Message From the President: Neuroscience 2017 Demonstrates the Centrality of Global Collaboration
Neuroscience has become increasingly global in its aspirations and diverse in its collaborations over the past decade, helping the field to make significant progress in a relatively short amount of time. This momentum continues to propel us toward even more opportunities for advancements in everything from molecular profiling of individual cells and circuits to brain imaging techniques to novel therapies for neurodegenerative disorders.
Our ability to advance the understanding of the brain and nervous system requires incorporating numerous research perspectives, which necessitates reaching outside our own areas of focus — and even outside our field. This research could be taking place on the other side of the country, on the other side of the world, or in the lab next door. By committing to collaborations across institutions, fields, countries, and continents, and by embracing the spectacular interdisciplinary nature of modern neuroscience, we actively forge the strongest path forward for scientific progress.
As a member of the neuroscience community, you contribute a unique perspective to this inspirational mix of experience and knowledge, and I encourage you to both voice your ideas and listen to those of others. Through this dialogue and collaboration, the neuroscience community empowers itself to move toward solutions for our world’s most devastating public health problems. It is our responsibility to each other — and to our family, friends, and neighbors — to work together to realize these solutions.
The Global Nature of the Annual Meeting
SfN’s annual meeting is a mecca for global collaboration. It gives attendees unparalleled access to research findings, fellow scientists, and evolving technologies. While there is plenty of opportunity to network with colleagues in your specific area of research and from your own country, you can also engage with peers in other disciplines and from around the world. In fact, more than 5,000 of the scientific abstracts submitted for Neuroscience 2017 came from 78 different countries, not including the U.S.
Diversity is equally represented in the scientific sessions at Neuroscience 2017, which include lectures by world-renowned scientists who hail from places as varied as China, Denmark, England, Germany, India, Japan, and Lebanon. This diverse pool of presenters offers attendees the chance to listen to and interact with people they might not otherwise meet and who could spark ideas and change lives. This is in part why SfN works so hard to increase participation of scientists from a diversity of backgrounds — to prompt innovation that could transform our world.
In addition, during the annual meeting, SfN leaders meet with their counterparts of international partner organizations such as the Federation of European Neuroscience Societies (FENS) and the International Brain Research Organization (IBRO), as well as neuroscience leaders in Canada and Mexico, to plan strategies for supporting the neuroscience community with coordinated advocacy efforts and other activities to benefit the field. And when the annual meeting takes place in Washington, DC, as it does this year, SfN reaches out to the embassies of countries with scientists attending the meeting. We let them know that citizens of their country will be presenting their latest research at the meeting and encourage them to connect with their scientists and attend their scientific sessions.
SfN’s annual meeting is the ideal place to build interdisciplinary collaborations among the best and brightest minds across the entire spectrum of science. As you prepare for Neuroscience 2017, take note of the successful international scientific efforts already underway and think about how we can work together to enhance these projects or create new ones that would benefit the global scientific community.
Neuroscientists and researchers in a wide range of related fields have banded together in several international consortia powered by the collective resources of their constituent nations. For instance, the International Human Epigenome Consortium provides free access for the entire research community to high-resolution reference human epigenome maps for normal and diseased cell types. The consortium receives contributions and support from 11 countries, in addition to the European Union. Another promising collaboration is Enhancing Neuro Imaging Genetics through Meta Analysis (ENIGMA), which brings together researchers in imaging genomics, neurology, and psychiatry to understand brain structure, function, and disease. Since 2009, ENIGMA has mobilized 300 scientists from 185 institutions in 33 countries.

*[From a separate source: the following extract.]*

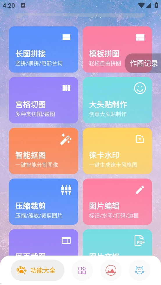 图叨叨是一款主打极简风格的拼图类应用,集成了拼图修图、模板拼图、长图拼接、电影台词制作、图片水印添加、图片打码处理、批量图片压缩以及壁纸制作等丰富功能,在日常的图片修饰与裁剪操作中能发挥显著作用。这款应用始终聚焦于修图的核心需求,全程干扰,也不会在后台擅自运行,保持着绿色纯净的使用环境,用户完全可以安心体验!

Using these types of collaborations as models, I urge all of you attending Neuroscience 2017 to talk to as many people as you can at the meeting and to approach every conversation as an opportunity for a collaborative initiative that could advance neuroscience and the ways in which it influences the human condition. I’ve spoken a lot recently about the interdisciplinary nature of our field, and it is only logical that we should concentrate the skills of scientists in all fields toward achieving our common goals.
Brain Diseases: The Problem of Our Time
There is a universal recognition that brain diseases are the greatest health problem of our time, as evidenced by the numerous national and global neuroscience initiatives investing significant time, effort, and funds into studying the brain, such as the BRAIN Initiative in the U.S., and the Human Brain Project in Europe. Individually, these efforts are critical for advancing our foundational knowledge of how the brain works, but if we as scientists share our discoveries, we will move the field forward even more quickly than we are now. Science is a unifying force that knows no borders, and at times when the world is troubled, science can be a means for improving global communication as people from all countries come together for collaborations and events such as SfN’s annual meeting. I hope to see you all in a few weeks’ time in Washington, DC, so that you may contribute your perspective — no matter your field, research interests, or country — to the discussions with thousands of your colleagues from around the world that will advance the progress of neuroscience.